Too skinny from institution mush, my skin peeled off a layer at a time. Curled on top of a thin, lumpy mattress on a rusted bed frame, I traced the scratches on the wall made by another’s bloodied nails, the dark red stains proof of another’s determination to escape a world unworthy of its inhabitant.

Earlier, the attendant had pushed my forehead back and forced open my jaw. Unnecessary effort on his part. The medicinal haze thickened. I found myself calm but without spirit.

Strange how I felt erased, yet without the rubber remnants to remind me I once existed.

Any bits of green paint that had remained on the wall, I peeled off the first day. I didn’t know if I had been there three weeks or three months.

The cell remained still, inactive, and almost empty. A bucket to catch my excrement. The bed, fetid like the bucket; the whole place a shit hole.

A cockroach scurrying across the floor would have been a welcome sight. Or a black widow working tirelessly to create a fine net to catch its prey. I stared at my idle hands.

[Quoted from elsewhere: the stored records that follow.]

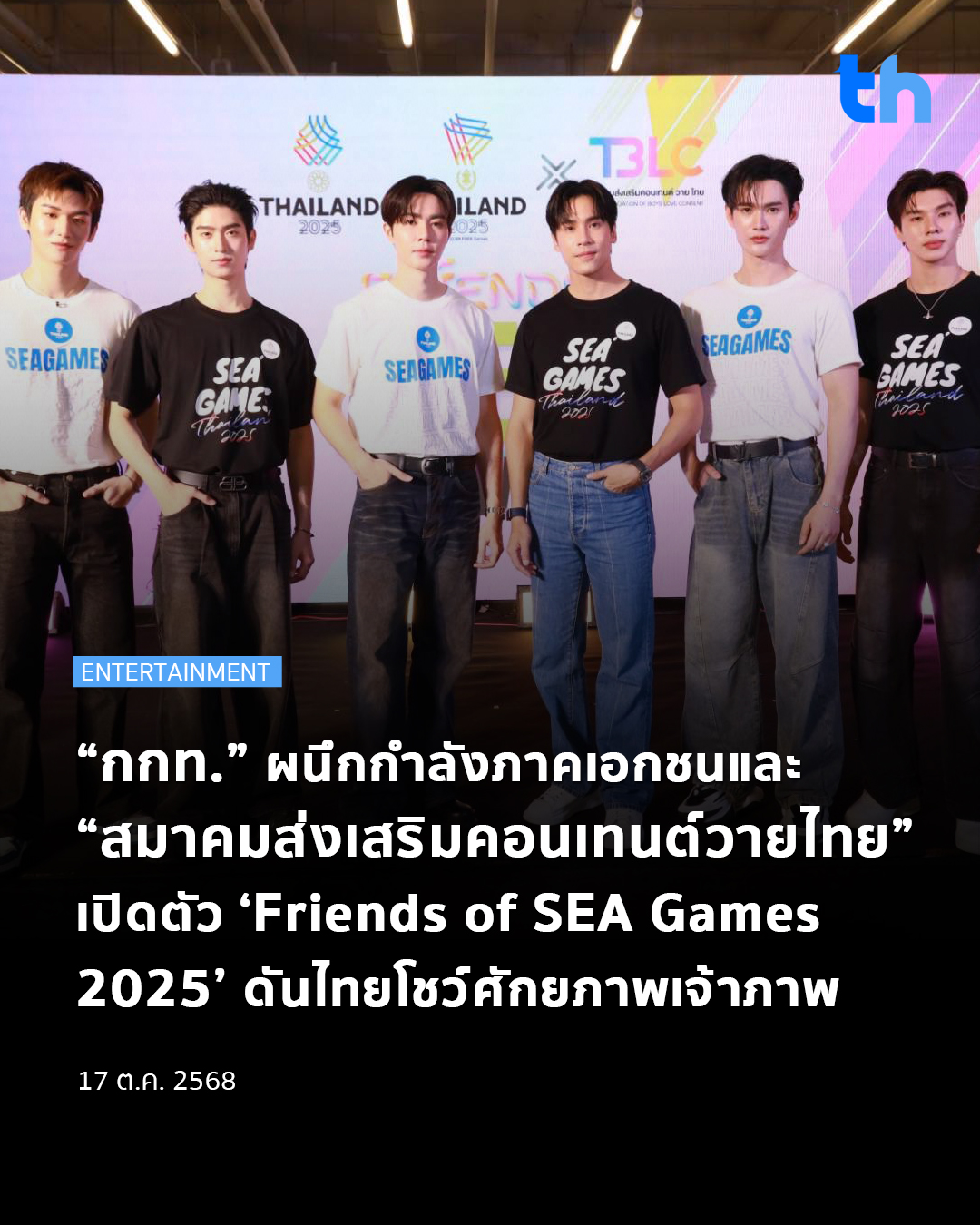 การกีฬาแห่งประเทศไทย (กกท.) ร่วมกับภาคเอกชนและสมาคมส่งเสริมคอนเทนต์วายไทย เปิดตัวโครงการ “Friends of SEA Games 2025” พร้อมประกาศความพร้อมของประเทศไทยในการเป็นเจ้าภาพ SEA Games และASEAN Para Games 2025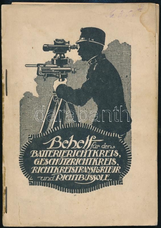 Dr. Ribáry Géza: Richtbehelf für den Batterierichtkreis, Geschützrichtkreis, Richtkreis-Transporteur und Richtbussole. Szalay János illusztrácóival. Bp.,1915, kn., nyn., 2+91+5 p. Német nyelven. A borítója hiányzik, egy kihajtható tábla kijár, 8 lap kijár és egy lap (53/54.) A könyv utolsó 5 oldalán a könyvre vonatkozó ceruzás jegyzetekkel, kiegészítésekkel.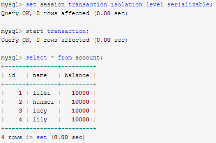 (1)打开一个客户端A,并设置当前事务模式为serializable,查询表account的初始值: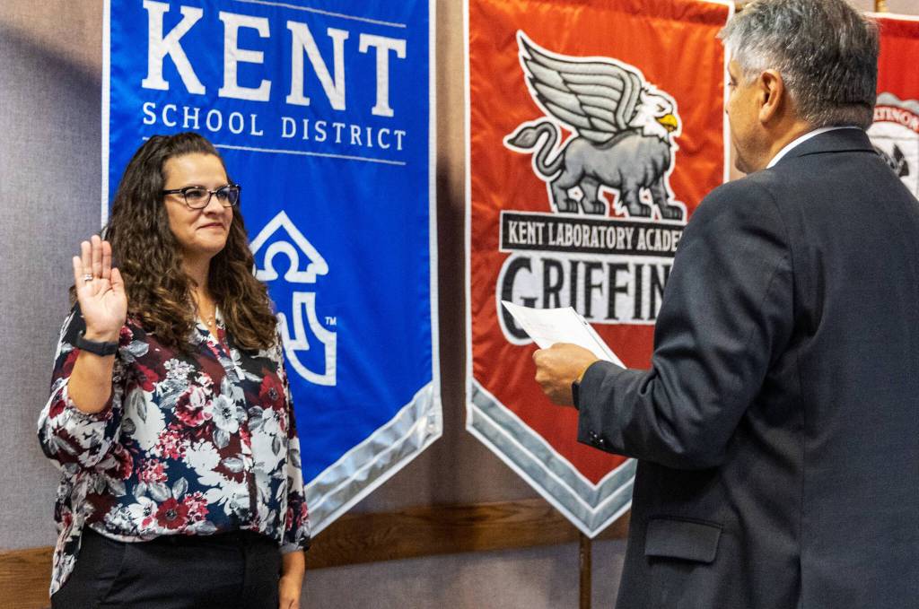 Kent School District Superintendent Israel Vela swore in Margel at the Sept. 14 board meeting. The board selected Margel at a special meeting Sept. 1 to fill the District 2 position left vacant after Michele Bettinger resigned in June.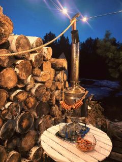 - травяной чай (душица, мята, чабрец, зверобой) в настоящем дровяном самоваре - 1 ,5 тр.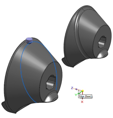 如果该工具垂直于 2D 路径,轴锁定方向默认为已设置。对于工具轴不垂直于路径的 3D 和 2D 路径,需要定义轴锁定方向。可以根据边、特征轴、坐标系轴或平面的方向定义锁定轴方向。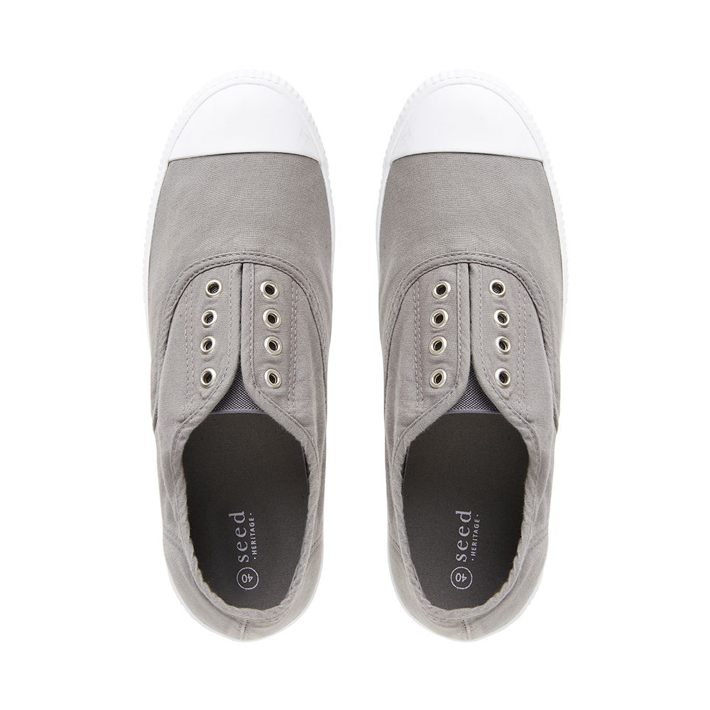 Relaxed pull on sneaker with eyelet detail. Fabric upper/Rubber sole.
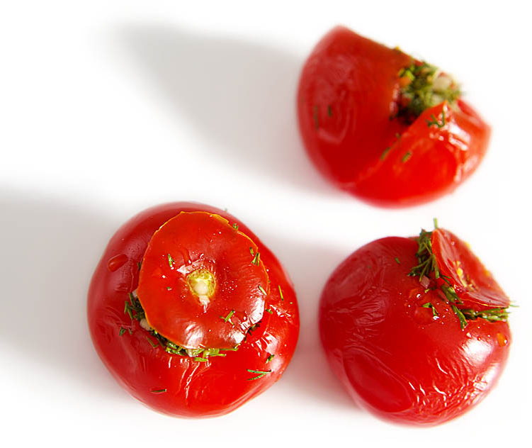 В каждый помидор положим по ложечке измельченного укропа и чеснока и прикроем крышечкой. В принципе, мы уже всё сделали. Можно уложить эти помидоры в посуду, подержать их некоторое время в тепле, а потом поставить в холодильник для хранения и, само собой разумеется, употребления.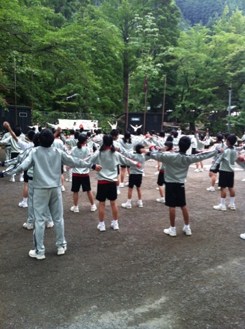 ラジオ体操をやり、お話を聞いています。
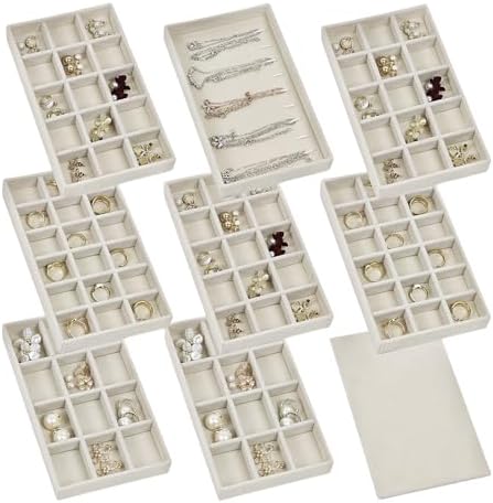 View full detailsSet of 8 Stackable Jewelry Organizer Trays with 1 Lid for Drawer & Dresser Organizer, Adjustable Velvet Jewelry Box Tray Earring Organizer Necklace Storage Ring Bracelet Display Case (Beige)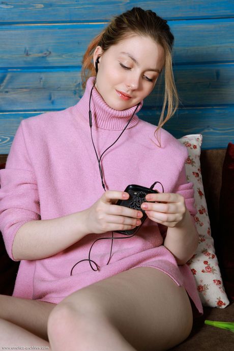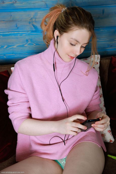 Young redhead Rita confidently displays her trimmed vagina in the nude

I wanted to float outside where flowers bloomed, where the great oaks of San Antonio provided shade from the sun. The rattle of trains and trolleys would have been welcome sounds over the never-ending cries and moans of despair.

Despair. “Do not cry. Do not cry,” I told myself. But tears came anyway. It didn’t matter. If they heard, they never came.

My eyes blurred as if I were drunk. I trembled like the women escorted to surgery before their reproductive parts were cut away and discarded like the contents of my shit bucket.

I heard the click of a door key. It wasn’t mealtime. They had already drugged me. What did they want? Confusion—as potent as a heaping spoonful of laudanum laced with arsenic.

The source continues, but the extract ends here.